With a goal of launching in late 2020 or early 2021, BeaverCube passed Critical Design Review in Spring 2020, with subsystems designed and procured, including components from AAC Clyde Space (power), ISIS (ADCS), Near Space Launch (BlackBox with GlobalStar simplex radio and NovAtel GPS), and others (OpenLST radio and Raspberry Pi based C&DH board). Assembly and integration prior to environmental testing are planned for late summer 2020
The Impact of Radiometric Calibration Error on Earth Observation-supported Decision Making
Earth Observation through satellites enables decision makers to assess situations near real-time with unprecedented spatial coverage. The data-value added products from radiometric satellite images often use indices derived from the unique spectral properties of materials and are sensitive to the relative gains of the different bands of the satellite sensor.
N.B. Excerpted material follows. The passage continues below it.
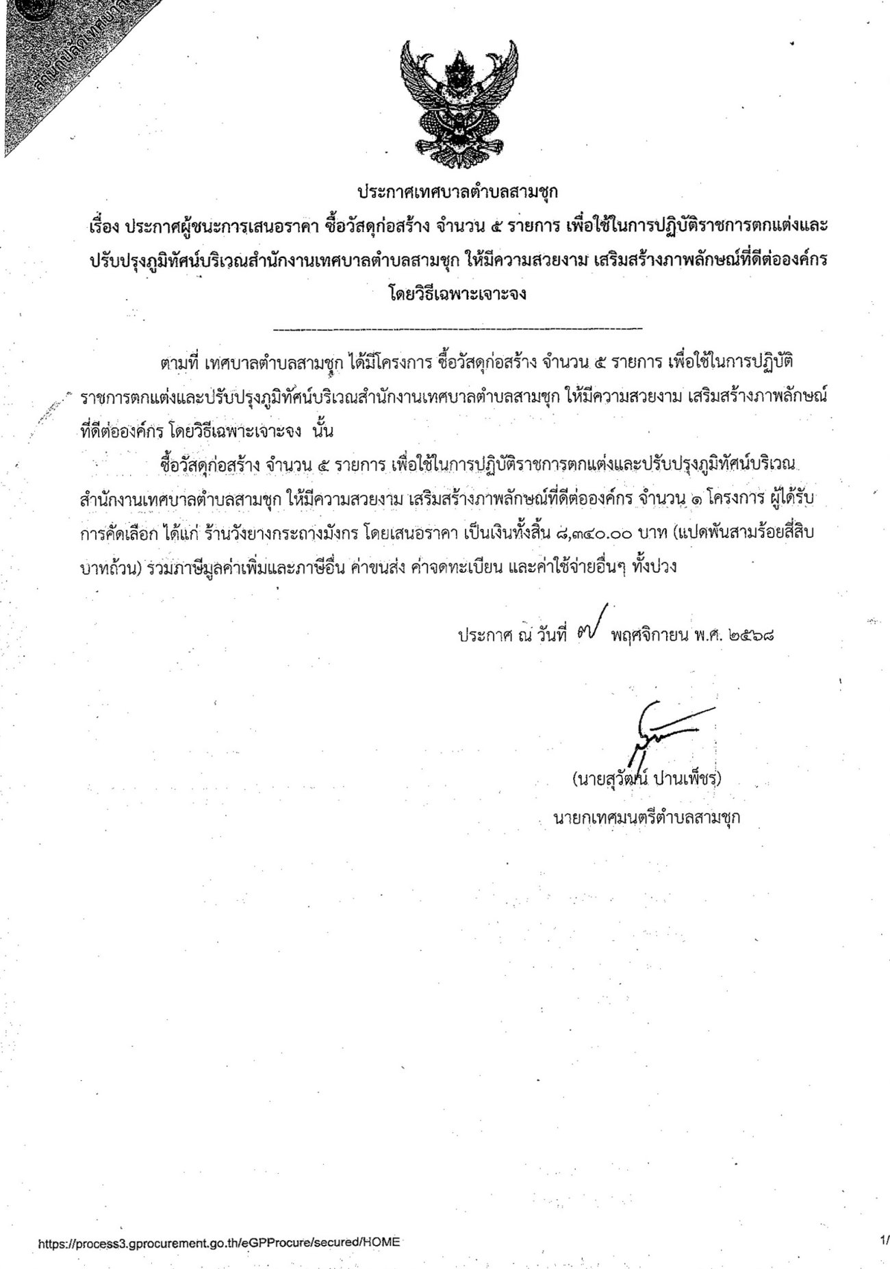 ประกาศผู้ชนะการเสนอราคา ซื้อวัสดุก่อสร้าง จำนวน 5 รายการ เพื่อใช้ในการปฏิบัติราชการตกแต่งและปรับปรุงภูมิทัศน์บริเวณสำนักงานเทศบาลตำบลสามชุก ให้มีความสวยงาม เสริมสร้างภาพลักษณ์ที่ดีต่อองค์กร โดยวิธีเฉพาะเจาะจง

However, satellite sensors are susceptible to degradation from the space environment, leading to drift in band response. For well-calibrated satellites such as Landsat 8, these drifts are well characterized and can be corrected for during processing—however, for satellites lacking on-board calibration (such as CubeSats), these trends can be difficult to detect and require novel methods combining cross calibration with machine learning. Given that satellite data often undergoes several levels of processing prior to use, there is a need to quantify the relationship between calibration errors and the errors of the final data-valued added product. This study investigates two applications of Earth Observation data: crop classification and Harmful Algal Bloom detection, and quantifies the impact of induced radiometric error on the final data product.S.B
Valuation of Calibration for Satellite Constellations
Earth observation systems, consisting of in-space and air borne platforms and sensors, are providing a growing number of high resolution spatial and temporal services including agricultural crop yield predictions, local weather forecasts, and traffic management. As the complexity of these systems increases with multi-platform elements and sophisticated processing and modeling, there are also increasing avenues for introduction of errors. It is important to characterize and quantify the uncertainties and errors. Here, it shown that a value-chain approach can be used for conceptualizing errors and modeling uncertainties relevant for final decisions. This approach can then be applied for improving system value assessments and obtaining an ‘error-adjusted’ value of the remote sensing system. The error-adjusted value can be used in optimization or trade-studies for system design. This value system is then applied, as an example, to the FLARE real world calibration/validation system to look at potential Return on Investment (ROI) of better calibration to satellite image prices and market penetration
MarsGarden: Designing an ecosystem for a sustainable multiplanetary future
Exploration of space has always held a certain fascination for humankind. Stepping foot on the Moon may have been the achievement of the century, and sending humans to Mars will be even more challenging and exciting. To achieve self-sufficiency off the Earth, humans will need a steady supply of food while also maintaining adequate mental health. We propose here a closed-loop ecosystem that accomplishes both while being feasible to transport, construct, and maintain on Mars. The resulting design, MarsGarden, is capable of providing a crew of four astronauts with all their dietary needs and also acting as a place of relaxation and restoration. MarsGarden is a scalable architecture that can be adapted to many deep space environments, or can be implemented on Earth as an agricultural solution for areas with land scarcity or extreme environments.